精度类型 [英] Type of precision

问题描述

使用keras库得到的精度如下:

Precision is obtained below by using keras library:

model.compile(optimizer='sgd',
          loss='mse',
          metrics=[tf.keras.metrics.Precision()])

sklearn 计算出的精度和 keras 计算出的精度是一样的?

What type of precision calculated by sklearn is equal to the precision calculated by keras?

precision_score(y_true, y_pred, average=???)

1. 宏
2. 微
3. 加权
4. 无

当您将 zero_division 设置为 1 时会发生什么，如下所示?:

What happens when you set the zero_division to be 1 as in below?:

precision_score(y_true, y_pred, average=None, zero_division=1)

推荐答案

TLDR; 默认为 binary 用于二进制分类和 micro 用于多-类分类.其他平均类型，例如 None 和 macro 也可以通过如下所述的微小修改来实现.

TLDR; Default is binary for binary classification and micro for multi-class classification. Other average types such as None and macro can also be achieved with minor modification as explained below.

这应该能让您清楚地了解 tf.keras.Precision() 和 sklearn.metrics.precision_score() 之间的区别.让我们比较不同的场景.

This should give you some clarity on the differences between tf.keras.Precision() and sklearn.metrics.precision_score(). Let's compare different scenarios.

场景 1:二元分类

对于二元分类，您的 y_true 和 y_pred 分别为 0,1 和 0-1.两者的实现都非常简单.

For binary classification, your y_true and y_pred are 0,1 and 0-1 respectively. The implementation for both is quite straight forward.

Sklearn 文档:仅报告 pos_label 指定的类的结果.这仅适用于目标 (y_{true,pred}) 是二进制的.
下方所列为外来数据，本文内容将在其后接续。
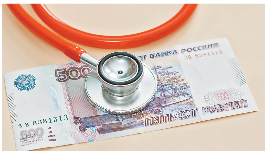
По мнению врачей, местные власти попытались их зарплаты соотнести со среднестатистическим доходом по области.

Но это тоже «средняя температура по больнице». Вероятно, достигнув «валовых» показателей повышения зарплат, власти и решили сэкономить на стимулирующих выплатах. Наднях Челябинский областной суд пришел к выводу, что «приказ об исключении выплаты за выслугу лет из перечня выплат стимулирующего характера снижает уровень социальных гарантий работников, предусмотренных действующим законодательством РФ».
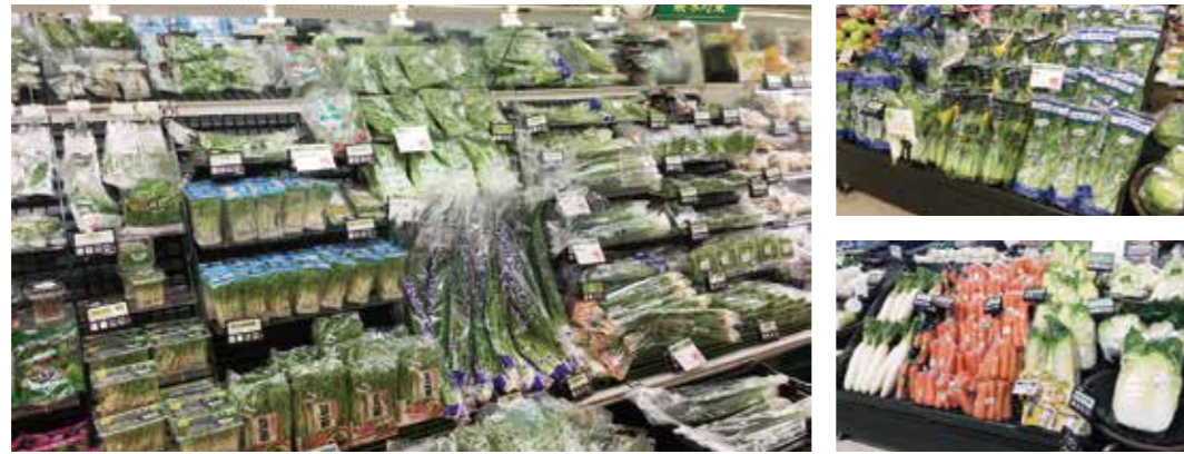
スーパーマーケットの野菜売り場

くさつ 草津市ではたらく人びとの仕事は、わたしたちのくらしとどの しごと ようにつながっているのでしょうか。仕事をしているところをた しら ずねて、調べてみましょう。
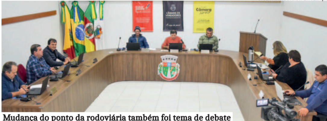
Mudança do ponto da rodoviária também foi tema de debate
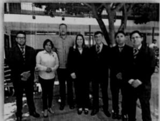
Alumnos y Asesores Integrantes del Proyecto Dispositivo Despierta y Vive en Expociencias Estatal
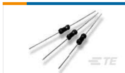
TE 产品编号1879352-1 RR02 5% R33 AMMO
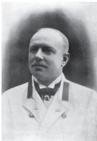
Юрій Давидов — офіцер, землевласник, мемуарист. У 1918 р. став біля витоків української кіноосвіти

Урядовий дозвіл на відкриття «Студії екранного мистецтва» одержав відомий громадський діяч, один з ініціаторів заснування Київської консерваторії Юрій Давидов, племінник видатного композитора Петра Чайковського. Студія відкрилася в Києві 6 жовтня 1918 року у великій квартирі Давидова по вул. Рейтарській, 13. У цьому мешканні, до речі, одного разу побував гетьман Скоропадський — можливо, був присутній на урочистому відкритті.
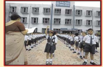
మంచి పాఠశాల విద్య ఆటపాటల బాల్యం ఉన్నత చదువులు
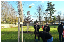
1 NAISSANCE 1 ARBRE 25/11
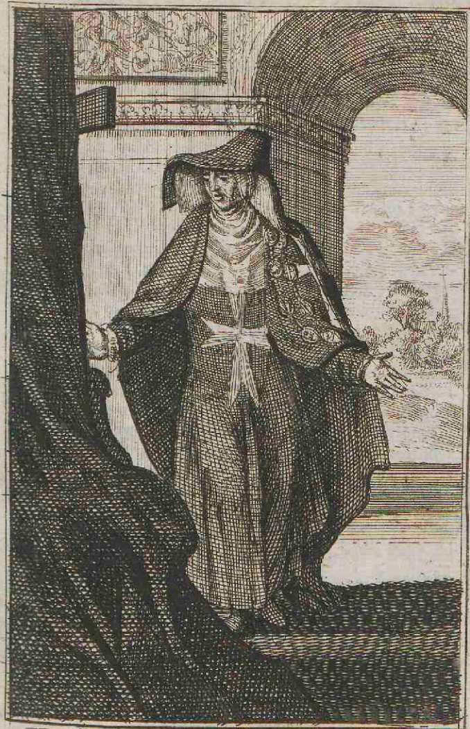
Hospitalaria Reformata S ti Ioannis Hierosolymitani.
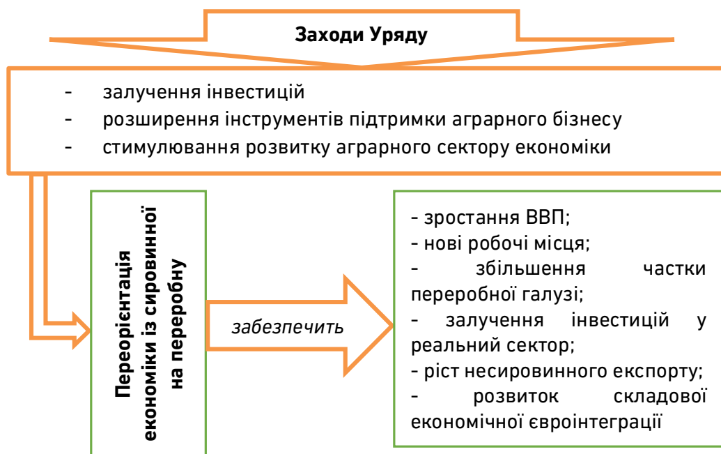
Рис. 2. Напрями державної аграрної політики України в 2024 році

Протягом 2024 року уряд України планує сприяти позитивному аграрному розвитку, головним пріоритетом якого є переорієнтація економіки країни із сировинної на переробну (рис. 2), що включає наступні програми з підтримки сільськогосподарських виробників:

Sklearn documentation: Only report results for the class specified by pos_label. This is applicable only if targets (y_{true,pred}) are binary.

#Binary classification

from sklearn.metrics import precision_score
import tensorflow as tf

y_true = [0,1,1,1]
y_pred = [1,0,1,1]

print('sklearn precision: ',precision_score(y_true, y_pred, average='binary'))
#Only report results for the class specified by pos_label. 
#This is applicable only if targets (y_{true,pred}) are binary.

m = tf.keras.metrics.Precision()
m.update_state(y_true, y_pred)
print('tf.keras precision:',m.result().numpy())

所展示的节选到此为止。